と、玄関先で靴をぬいでいた健太の背中に、俺は云年ぶりの言葉をなげかける。

「ただいま」

健太はうつむき加減で目も合わさず、仏頂面をしたまま、母である直美にうながされリビングへと消えていった。


健太がこの家を出て行ったのは、18歳の頃のことである。

当時、流行していたロックバンドに影響されて、友人とともにバンド活動をはじめ、ついには「音楽で食っていく」とまで言い出したのがきっかけである。

もちろん俺は止めた。

一体、世の中どれくらいの若者が、同じやりとりを親と繰り広げているのだろうか。

気の遠くなるようなやり取りの末に、壁に一発、拳のあとを残し、健太はこの家を出て行った。

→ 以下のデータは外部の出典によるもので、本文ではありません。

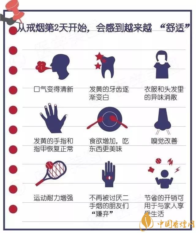 首頁是第一張,其中最大的感概是其中的口氣變得清新、衣服和頭發(fā)里的異味消散、食欲增加吃東西更美味這幾條。戒煙幾天后,不經(jīng)意哈氣,感覺都有類似前女友的淡淡的口香了。其次,衣服被子都沒有煙味。冬天來了,沒有煙味的衣服被子讓自己很舒服。最近也吃得很多,自己挺瘦的,一直想增肥,所以吃多了很開心。因此一想到抽煙,這幾天上面這幾個美好的體驗頓時都要消失的話,想抽煙的想法會大大的打折扣。
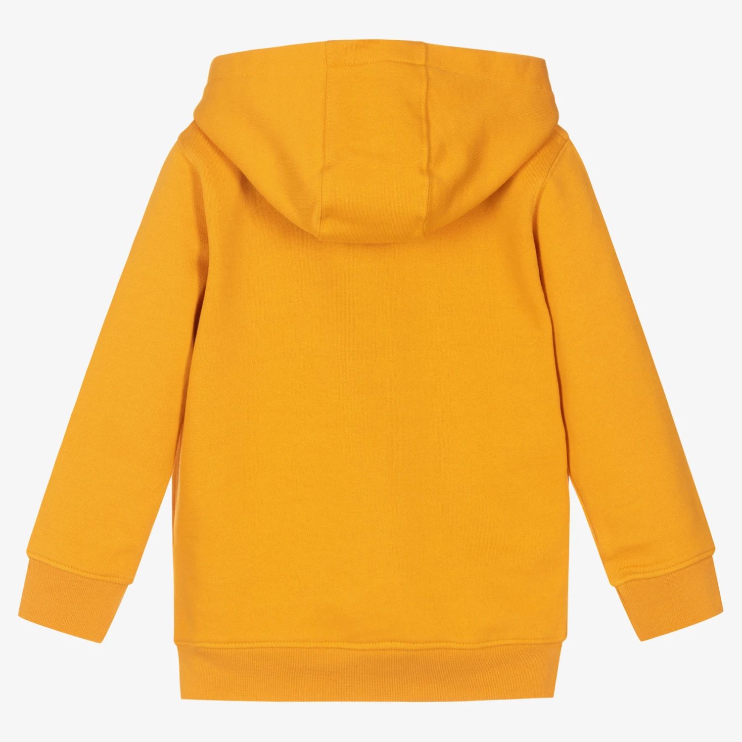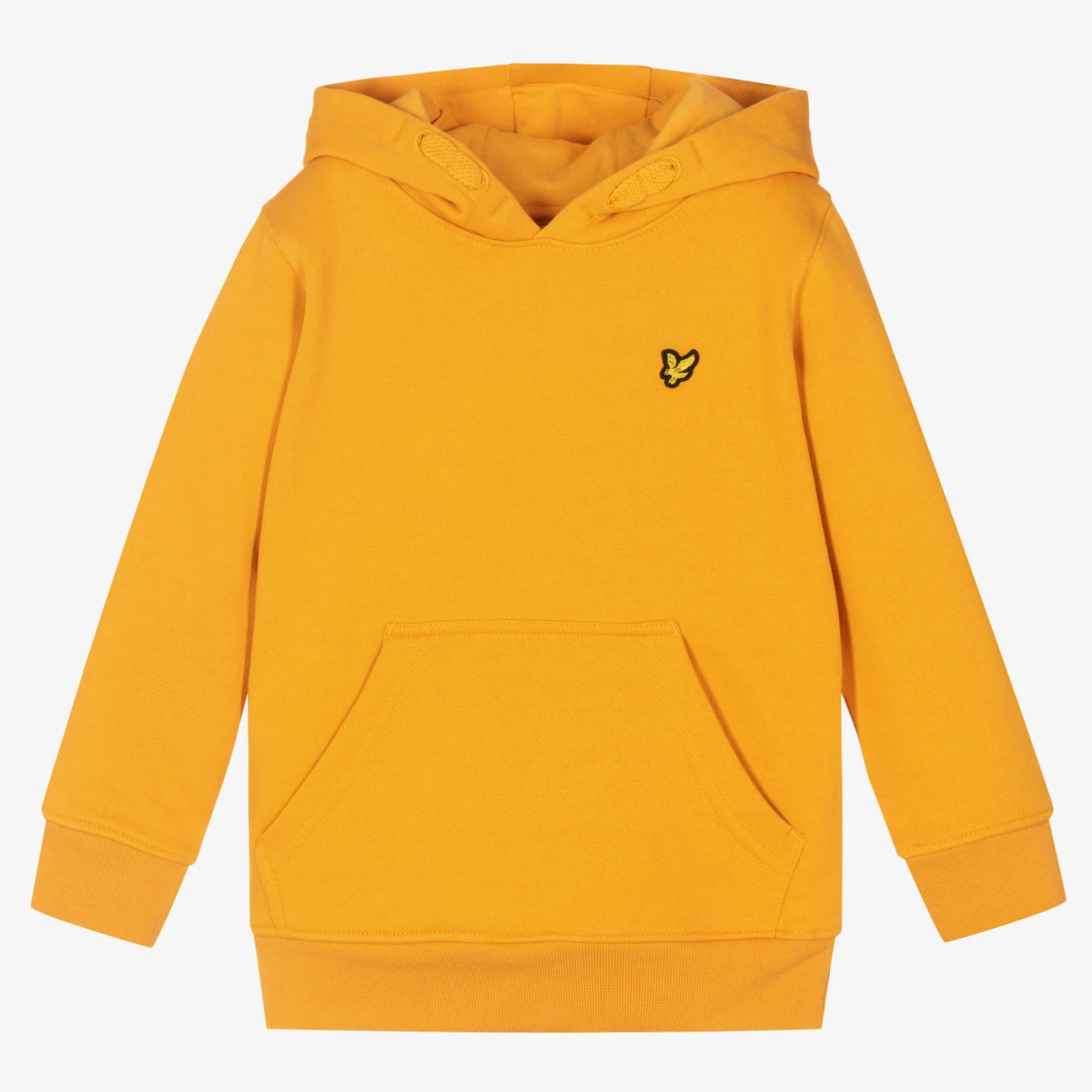 Mustard yellow hooded sweatshirt for boys by Lyle & Scott, with the designer’s iconic golden eagle logo on the chest. Made in soft cotton sweatshirt jersey, it has a faux drawstring detail on the hood and a front pouch pocket.

それから30歳になるこの年まで、健太はほぼ、音信不通だった。


図体だけはでかくなったようだが、一体どの面さげて、この家の敷居をまたいだのやら。

親の顔が見てみたい。

とは、口が裂けても言えない。


俺とは疎遠だった健太も、直美とはそれなりに連絡を取り合っていたようで、今回のUターンも、「もうそろそろ帰ってきたら」という直美の説得を受け入れてのことだった。

妻がかけたやさしい言葉に対し、健太が何といったかは分からないが、リビングで聞いていた限りは、スマホの向こうで泣いていたようである。

なんだ、男のくせに、情けない。

一筋にサラリーマンを続けてきた俺の堅実さを見習えと言いたい。

しかし、同じ男だからこそ、夢やぶれて無様に帰ってきた健太の心の内も、理解できるような気がする。

いや、云年ぶりに会った親と目も合わせない今の健太に、そんな同情心は無用か。


しかし果たして、何をしゃべればいいのか、どんな話題を提供すればいいのか、俺は迷いに迷っていた。

なに、父親なのだから、堂々と普通にしていればいいのだ。

俺が気遣う必要はない。

気遣えば、受け入れてもらったと思い、たやすい親だと今後調子に乗るだけだろう。


夕飯の席で、健太と俺が向かい合う。

大きくなった。

本当に、大きくなった。

しみじみと感じ入るのをこらえながら、俺は「とりあえず飲むか」と酒を指さした。

うつむいていた健太は、顔をあげ「うん」と答える。

直美はキッチンで揚げ物をしている。

男二人の、晩酌がはじまった。

しばらくの間は、特別な言葉はいらないのかもしれないな。

飼い犬のペロが、そんなことを思う俺の足元でくるくるとまわっていた。